Thoughts on Thinking

"When somebody persuades me that I am wrong, I change my mind. What do you do?" John Maynard Keynes

"If you're unhappy with your life, change your thinking." Charles Fillmore

"The primary cause of unhappiness is never the situation but your thoughts about it." Eckhart Tolle

"People are not disturbed by things, but by the view they take of them." Epictetus

"The unexamined life is not worth living." Socrates

"Consciousness is a terrible thing to waste." PunditGeorge

Tuesday, April 01, 2014

Doing It Right!

It is rare to find a true HERO of the environment.  But, there is one.

Melissa Greene tells the amazing story of David Milarch in the April, 2014 issue of Reader’s Digest.  Thank you, Melissa, and RD for helping spread awareness of Milarch’s spot-on approach to genuine environment care.

In a world of faux environmentalists, Milarch is the real thing - a burly man who has lived with trees all his life.  The planet wants more trees.  Not just any tree, but the majestic redwoods that shaded the dinosaurs and filled the atmosphere with oxygen (while absorbing gargantuan amounts of carbon dioxide.)  His mission is to clone (graft) as many of the ancient trees as possible to preserve and propagate the species.  More than a plan, it’s a mission.

A recurring theme for many who report a Near Death Experience, is a fresh sense of purpose – a new perspective.  Thus began Milarch’s mission.   A couple of years ago he described his NDE in Guideposts:

By David Milarch
April, 2012

Suddenly I felt a hard pulse in my chest, like a thud. I floated from the bed toward the ceiling. I looked down. My body lay in the bed lifeless. I looked awful, bloated, my skin yellow and gray. Like I’d washed up on a beach. Is this it? I thought. My time on earth over?

I felt a touch, gentle, yet firm, on my right arm. I turned to see a beautiful female in a radiant white gown. There was a fragrance, sweeter than any flower. I breathed it deep into my lungs.     

“We know you’re scared,” she said. “But we’re here to help.”

“Who are you?” I said.

“We’re here to help you,” she repeated. To my left there was another female, nearly identical to the first, holding my other arm. Angels? I wondered to myself. What could they want from me?
We left the confines of the house and entered a tunnel of light. The walls were a brilliant white, except for the glow of a thin pink and blue helix running through it. Then we shot off, like we were on the tip of a missile. It scared the starch out of me. But it was only for a few seconds.

I stepped out onto a vista. Below me a white, sandy beach leading to a vast body of water. In the distance a gleaming metropolis, lit by a prism of light, like a sunrise. I felt a comfort I’d never dreamed possible.

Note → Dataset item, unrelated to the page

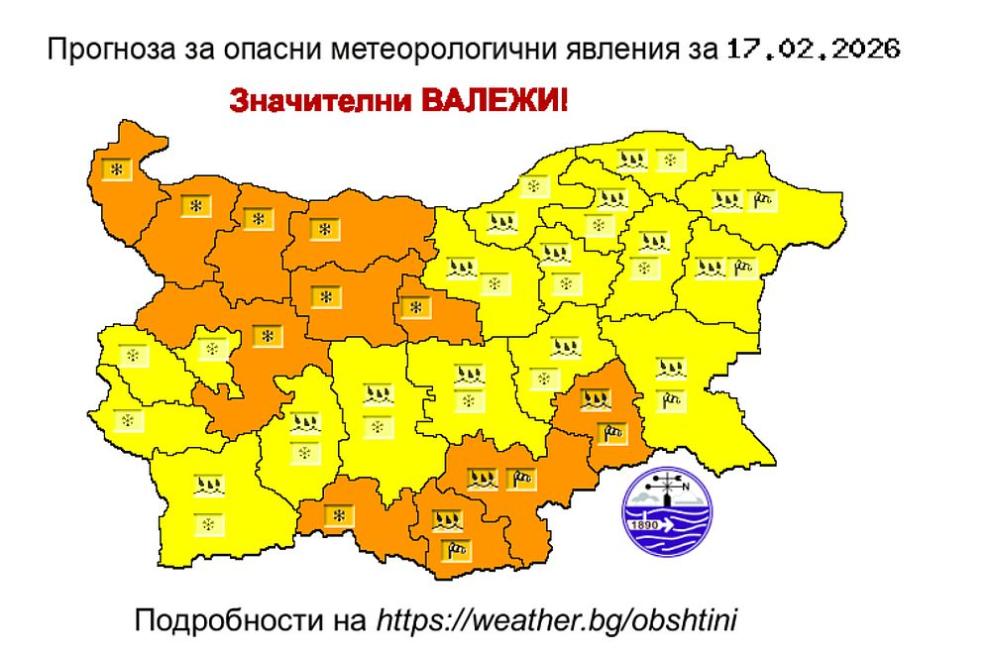 Във вторник под влияние на дълбок средиземноморски циклон ще се създаде валежна обстановка. Синоптиците обявяват оранжев код за опасно време и жълт код за потенциално опасно време в цяла България. Това сочи прогнозата на Националния институт по метеорология и хидрология (НИМХ).

Love. Unconditional love. It seemed to flow all around me, like waves caressing me. My sadness, my sense of failure left me. I wanted to stay here forever.

Dozens of light beings, radiant, glowing personages walked toward me on top of the water. They didn’t have wings. They wore white gowns but the light, shimmering around each of them, was golden.

In the midst of them was another angel, a towering presence. He looked to be at least ten feet tall. He was clearly leading the others. Under a dark blue cape he wore a translucent gown of lighter blue.

I heard a booming sound, like thunder. It was the lead angel. “You can’t stay. You must go back.”

“But...” I started.

“You have work to do,” he said. Work? What kind of work? I didn’t want to leave. But before I could get another word out I was back hurtling through the white tunnel with the first two angels to my bedroom. I lowered back into my body, and then they were gone.

But what was the work I was supposed to do? “Wait! Wait!” I shouted, suddenly sitting upright.

Milarch’s work became obvious – nurse existing giants and propagate them by cloning.  And so he did.  Now the prospect of cloning from the giant stumps of long harvested trees seems dim.  But, driven by his angelic moment, the Champion Tree Project took root, so to speak.  Milarch champions all old-growth species – he’s cloned George Washington’s ash, hemlock and mulberry.  In the late 1960’s Greece presented the United States with a sapling removed from a tree thought to be one that Hippocrates taught under.  Alas, the sapling died.  But Milarch and associates managed to clone the ancient sycamore.  Appropriately, reports Greene, one of the Hippocratic sycamores will be planted at the NIH in Bethesda on Arbor Day.

David Milarch – Hero of the Environment.